新しい膵臓がん治療法の開発
膵臓がんは非常に予後が悪く、日本の5年生存率はわずか1割程度です。特に難治性の膵臓がんに対する新しい治療法が、岡山大学や富山大学の研究チームによって開発されました。
膵臓がんの特徴と新治療法
研究チームは、膵臓がんがグルコース(ブドウ糖)を取り込みやすいことに着目し、その特徴に合わせた薬剤を開発しました。従来のホウ素中性子捕捉療法(BNCT)を改良し、グルコースを付けたホウ素薬剤「G-BSH」を作成。この薬剤は、従来のBPA薬剤に比べて8~10倍のホウ素をがん細胞に取り込ませることができました。
BNCTの仕組み
BNCTは、ホウ素を取り込んだがん細胞に中性子を照射し、核分裂によって発生するアルファ線などの粒子で細胞を破壊する治療法です。今回の研究では、膵臓がんの遺伝子を調べ、がんの好みに合わせたホウ素薬剤を使うことで、治療効果を高めることができると示されました。

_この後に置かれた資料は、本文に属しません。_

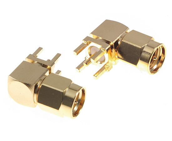 Right Angle SMA Male, THT, 50 Ohm, teflon insulator, body and shell material: brass gold plated
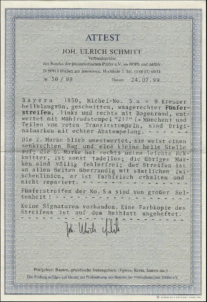 | Prüfer: | Schmitt, Joh. Ulrich (BPP (Bund Philatelistischer Prüfer)) |
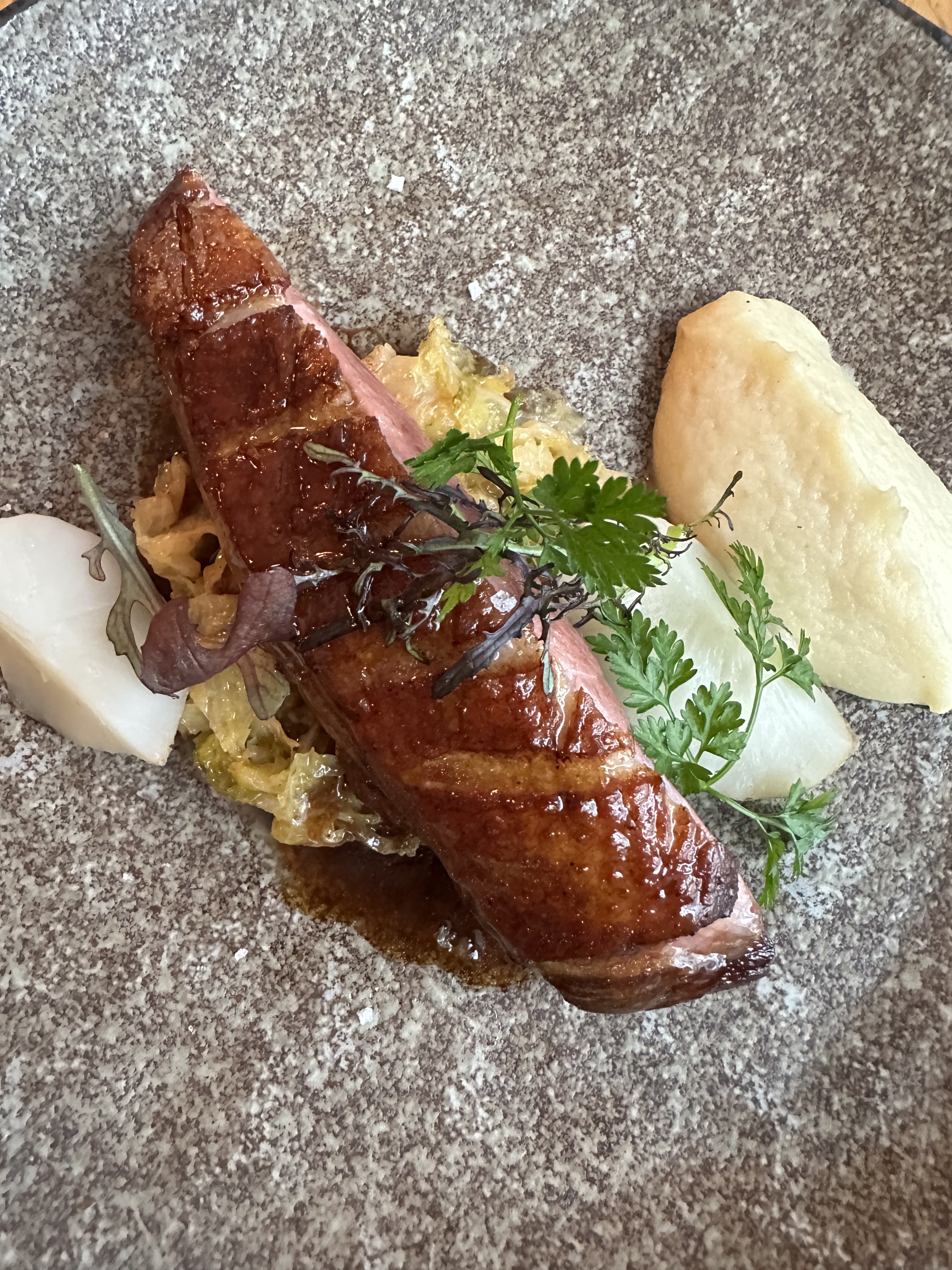 Excellente expérience culinaire ... l oeuf parfait l était vraiment ...pour le canard et ses légumes ... cuisson assaisonnement et présentation sont parfaitement maitrises... et parfois ça pêche sur les desserts mais ici c est aussi un régal... bravo au chef !!!!

この治療法は、がん細胞にホウ素を選択的に送り込むことで、正常な細胞への影響を最小限に抑えます。
今後の展望
膵臓がんは体の奥に位置するため、実際の治療では手術によって開腹し、中性子を照射する方法が有効とされています。研究チームは、5~10年後の臨床試験を目指し、より効果的なホウ素薬剤の開発を進めています。